Read through the lines below and copy the ones holding the string "premium".

[[ DATA FOR THE TASK open ]]

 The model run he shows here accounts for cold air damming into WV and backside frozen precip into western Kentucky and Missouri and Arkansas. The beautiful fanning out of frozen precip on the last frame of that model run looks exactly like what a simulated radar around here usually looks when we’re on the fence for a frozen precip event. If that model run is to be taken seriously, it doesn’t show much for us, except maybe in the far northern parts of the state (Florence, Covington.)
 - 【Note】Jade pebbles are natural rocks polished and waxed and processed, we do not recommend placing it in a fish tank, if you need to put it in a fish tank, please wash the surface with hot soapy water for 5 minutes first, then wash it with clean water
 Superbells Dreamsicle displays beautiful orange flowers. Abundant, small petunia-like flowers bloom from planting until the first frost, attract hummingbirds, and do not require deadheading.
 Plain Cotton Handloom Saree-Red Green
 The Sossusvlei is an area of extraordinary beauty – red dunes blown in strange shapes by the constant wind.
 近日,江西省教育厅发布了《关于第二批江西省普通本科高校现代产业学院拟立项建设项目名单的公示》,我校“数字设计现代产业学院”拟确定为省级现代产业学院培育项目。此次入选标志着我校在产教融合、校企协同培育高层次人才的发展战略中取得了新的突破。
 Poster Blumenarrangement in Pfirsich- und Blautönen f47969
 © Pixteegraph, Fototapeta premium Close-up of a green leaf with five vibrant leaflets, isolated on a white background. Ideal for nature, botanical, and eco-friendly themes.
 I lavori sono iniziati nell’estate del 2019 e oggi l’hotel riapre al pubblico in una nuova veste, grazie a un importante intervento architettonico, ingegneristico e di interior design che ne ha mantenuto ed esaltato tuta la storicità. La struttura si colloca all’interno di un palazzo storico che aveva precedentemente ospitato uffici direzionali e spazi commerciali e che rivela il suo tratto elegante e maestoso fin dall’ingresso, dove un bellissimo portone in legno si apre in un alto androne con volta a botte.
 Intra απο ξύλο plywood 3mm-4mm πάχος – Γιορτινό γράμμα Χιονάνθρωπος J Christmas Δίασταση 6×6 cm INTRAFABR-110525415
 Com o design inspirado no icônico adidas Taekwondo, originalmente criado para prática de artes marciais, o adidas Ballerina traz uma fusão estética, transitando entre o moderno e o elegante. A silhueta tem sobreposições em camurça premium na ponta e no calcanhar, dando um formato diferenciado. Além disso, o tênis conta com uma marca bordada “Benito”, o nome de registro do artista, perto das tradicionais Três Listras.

[[ DATA FOR THE TASK closed ]]

YOUR SOLUTION:
 © Pixteegraph, Fototapeta premium Close-up of a green leaf with five vibrant leaflets, isolated on a white background. Ideal for nature, botanical, and eco-friendly themes.
 Com o design inspirado no icônico adidas Taekwondo, originalmente criado para prática de artes marciais, o adidas Ballerina traz uma fusão estética, transitando entre o moderno e o elegante. A silhueta tem sobreposições em camurça premium na ponta e no calcanhar, dando um formato diferenciado. Além disso, o tênis conta com uma marca bordada “Benito”, o nome de registro do artista, perto das tradicionais Três Listras.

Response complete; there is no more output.